- Interactive map of Itcha Ilgachuz Provincial Park
- Location: British Columbia, Canada
- Nearest city: Quesnel, British Columbia
- Coordinates: 52°42′30″N 124°59′00″W﻿ / ﻿52.70833°N 124.98333°W
- Area: 111,977 ha (276,700 acres)
- Established: 1995
- Governing body: BC Parks
- Website: Itcha Ilgachuz Provincial Park

= Itcha Ilgachuz Provincial Park =

Provincial park of British Columbia

Itcha Ilgachuz Provincial Park is a provincial park in the Chilcotin Country of British Columbia, Canada. The park is 111,977 hectares in size and contains Far Mountain and Mount Downton, its two most prominent peaks.

==History and conservation==
Established in 1995 the park was recommended for protection under the Cariboo-Chilcotin Land-Use Plan, and designated a Class A Park.

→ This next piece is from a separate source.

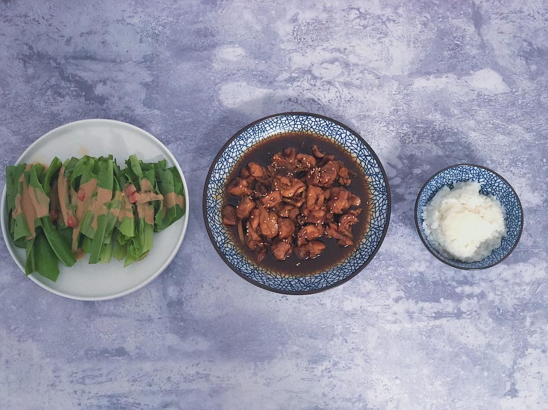 可乐鸡腿肉 麻酱油麦菜

Itcha Ilgachuz protects alpine grasslands, wetlands, and wildlife habitat. The Itcha Range and Ilgachuz Range are shield volcanoes that formed 5 and 2.5 million years ago as the North American Plate drifted over the Anahim hotspot. These ranges are situated in the rain shadow of the Coast Mountains, and support a high diversity of plant and animal species including woodland caribou.

==Recreation==
The park has a network of unmaintained trails for hikers or equestrian users. One trail is open to mountain biking. Wilderness backcountry camping and fishing or hunting (with a license) are permitted. Fish habitat is limited by steep terrain, with Itcha Lake supporting populations of rainbow trout and bull trout.

In winter, a network of snowmobile trails and play areas is available that avoids the preferred winter range of the woodland caribou.

==Location==
The park is north of BC Highway 20 near the community of Anahim Lake. There are no roads in the park.